= 'Igginbottom =

English progressive rock band

'Igginbottom was an English progressive rock band, formed in Bradford West Riding of Yorkshire in 1968, featuring Steven Robinson (guitar), Allan Holdsworth (guitar, vocals), Dave Freeman (drums) and Mick Skelly (bass). They were managed by a company called Mimo, which was owned by Mick Jackson (also of Bradford), Mo Bacon, Morgan Fisher (all members of the band Love Affair at the time), Ronnie Scott and his business partner Pete King. Their only album, 'Igginbottom's Wrench, was released in 1969 on the Deram label.

== History ==
The band's name was come up with spontaneously when Michael Jackson of The Love Affair visited Yorkshire, where he met his old friends Steve Robinson and Allan Holdsworth, who had formed a nameless band playing a strange sounding combination of rock and jazz. The company also consisted of Mick Skelly and Dave Freeman. Jackson saw something in the band and persuaded his friends Morgan Fisher and Maurice Bacon (both also from The Love Affair) to produce an LP for the quartet. The band had already performed at this point, including at the famous Ronnie Scott's Club. Scott was so impressed that he also wanted to write a foreword/introduction to the album. Another link between Scott and 'Igginbottom is that he formed the management Mimo with Jackson, Bacon and Peter King, which the band joined.
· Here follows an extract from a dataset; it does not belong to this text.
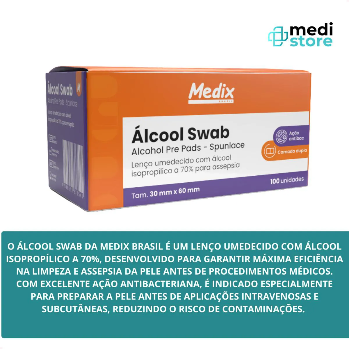 O Álcool Swab da Medix Brasil é um lenço umedecido com álcool isopropílico a 70%, desenvolvido para garantir máxima eficiência na limpeza e assepsia da pele antes de procedimentos médicos.

The band only released one album: 'Igginbottom's wrench. Holdsworth later distanced himself from the album but was unable to prevent the album from also being released under the group name Allan Holdsworth & Friends.

After recording that album, Allan Holdworth would play in numerous other bands and occasional formations (including Soft Machine and UK), but he also released a whole series of solo albums, starting with Velvet Darkness and I.O.U., on which Stevenson's song Out from Under appeared. Freeman continued playing drums at First Aid with the album Nostradamus.